Trustees to decide future of troubled military school
CAMP HILL (AP) — Two abuse scandals and steadily declining enrollment has compounded the financial woes at Lyman Ward Military Academy, but trustees have not made a decision to close the 109-year old school, President Chester Carroll said Thursday.
Carroll said he made a mistake in an April 27 letter he sent to school faculty expressing his "profound regret" that Lyman Ward would close May 31.
He said he has since sent out a new letter "reaffirming that the board of trustees has not yet made a decision" about the school's future and "closing is one option that they will consider."
The Opelika-Auburn News reported on Carroll's April letter in a story Thursday, pointing out that the school's Board of Trustees isn't scheduled to meet until May 19 when they will take an official vote.
"The letter was an internal letter to staff so that they wouldn't be caught flat-footed at a short period of time," Carroll said Thursday. "It was intended to alert the employees here so that they would have some options if the board of trustees decided to close it."

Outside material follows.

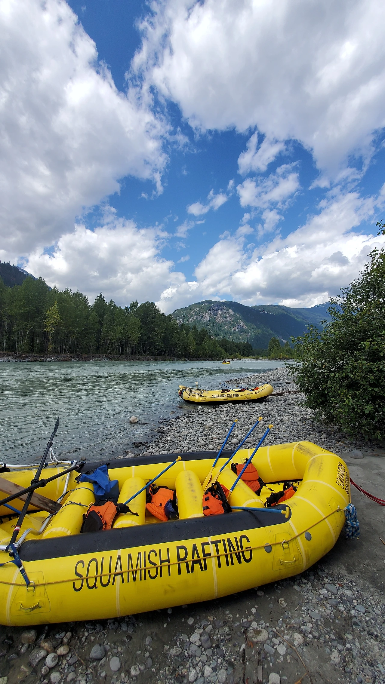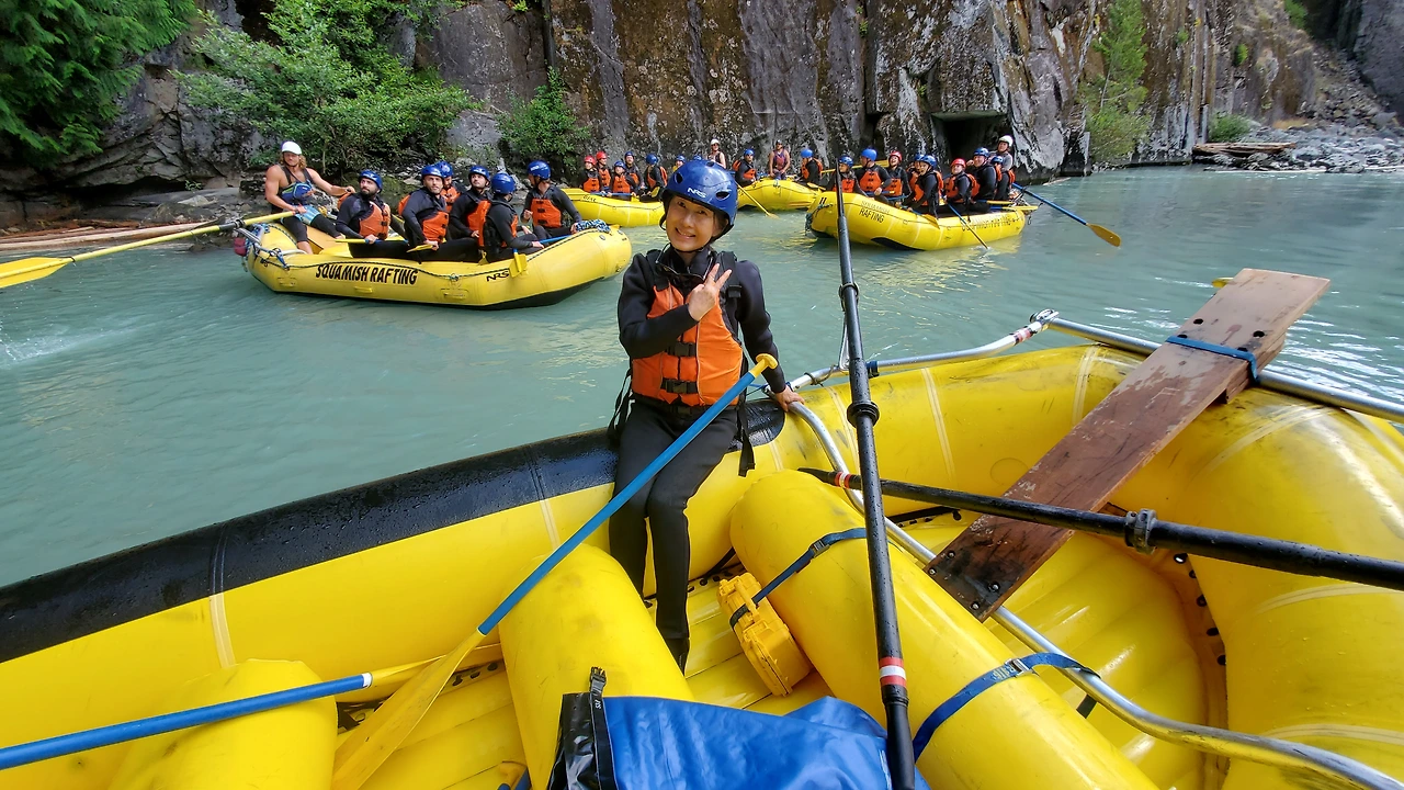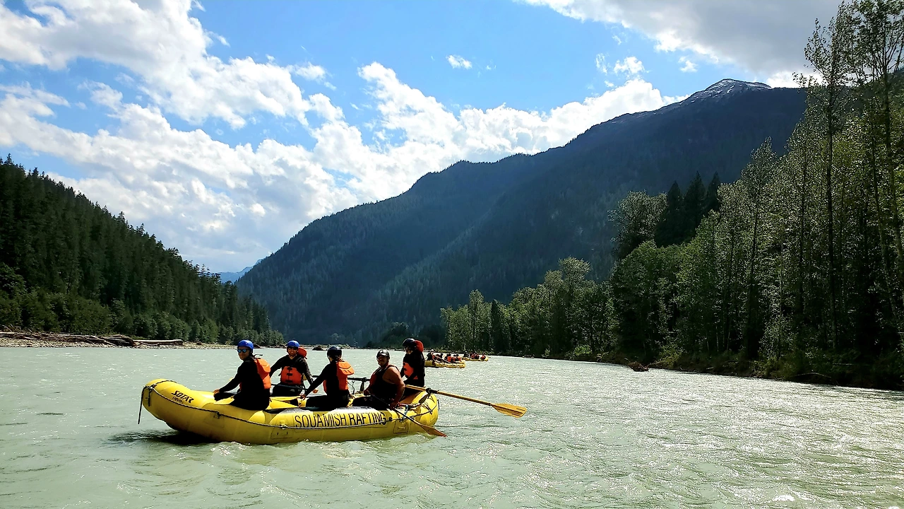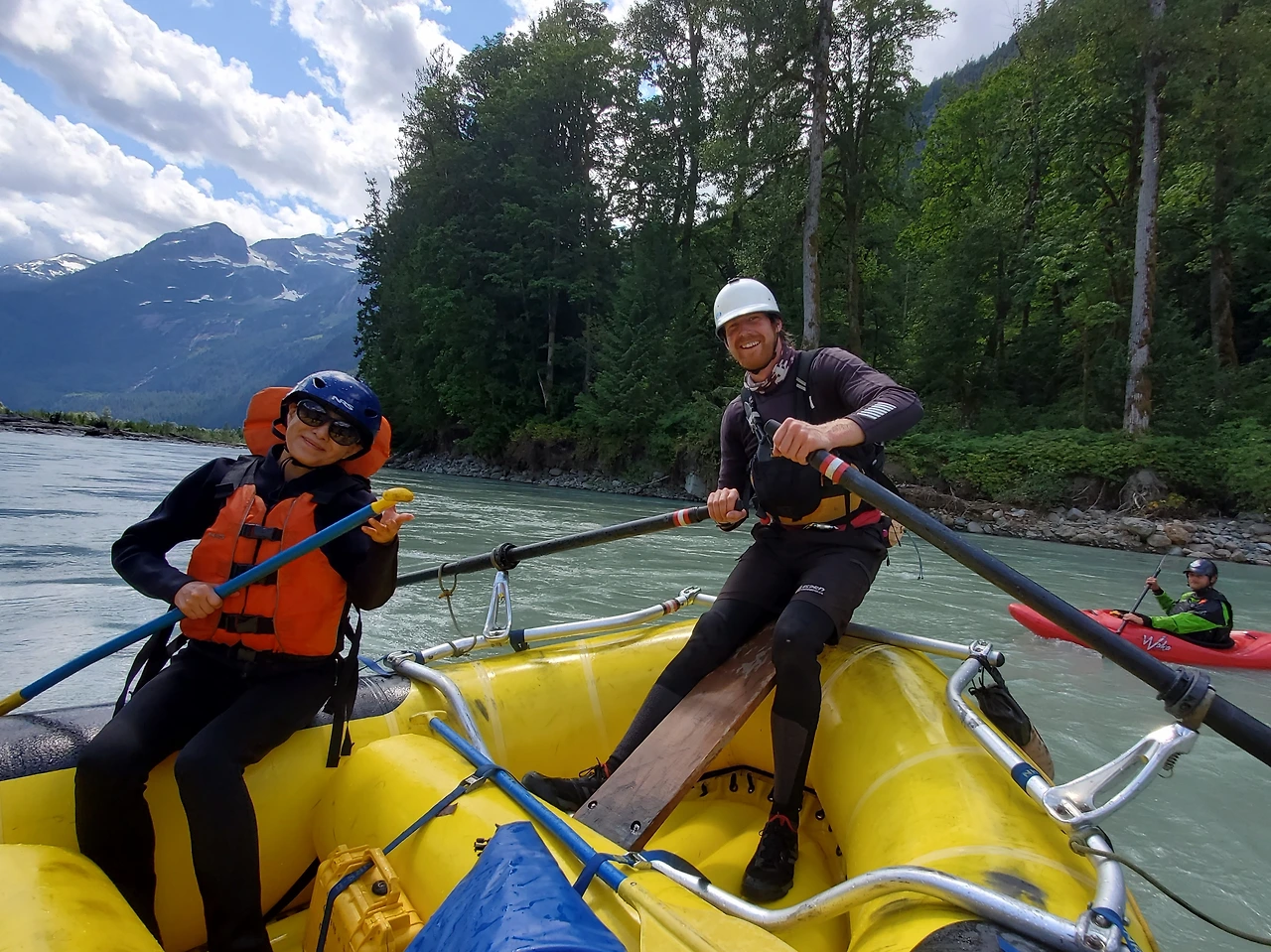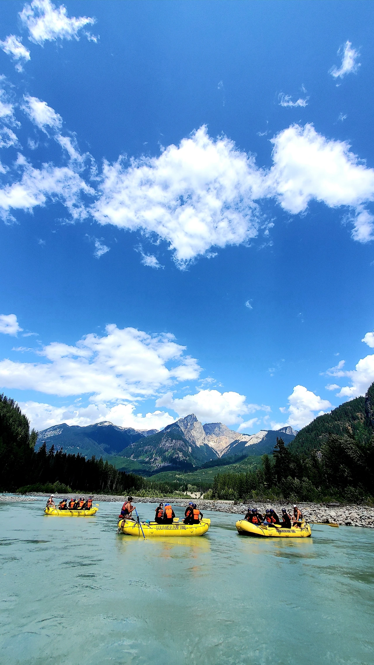 총 31명이 참가했는데 동양계 캐나디언은 우리 가족 셋 밖에 없었다. 십여명이 넘는 스탭들을 포함하여 오십여명 정도가 버스와 픽업 트럭에 타고 래프팅이 시작되는 엘라호 강 상류 지점까지 이동했다.

The all-boys boarding school, which costs about $17,000 annually to attend, has a current enrollment of 70 students. Carroll said the school needs 160 students to meet its budget and the academy, which teaches grades 6-12, is about $300,000 in debt.
Carroll said Lyman Ward's enrollment has been declining for a number of years and military schools across the country have seen a downturn since the Sept. 11 terror attacks left parents skittish about sending their sons to military school.
Walter Edward Myer, a former camp director at the academy, was captured in Costa Rica in Nov. 2005 after nearly 10 years as a fugitive accused of sexually abusing Lyman Ward cadets on weekends and holidays at his house.
Earlier in 2005 the school settled 13 lawsuits with parents of cadets who said they were hazed and severely assaulted at the academy from 2002 to 2004.
One 15-year-old said senior cadets came into his room, pinned him down and bored holes into his palm with an electric drill.
Those two-high profile abuse cases have "had some affect" on the school's current situation and have made recruiting difficult, Carroll said. He said the 60 employees on campus have taken pay cuts and campus activities have been scaled back to keep the doors open thus far.
"I'm confident the board of trustees will always act in the best interest of the school," he said. "They will consider closing, but they will do everything possible to keep it open."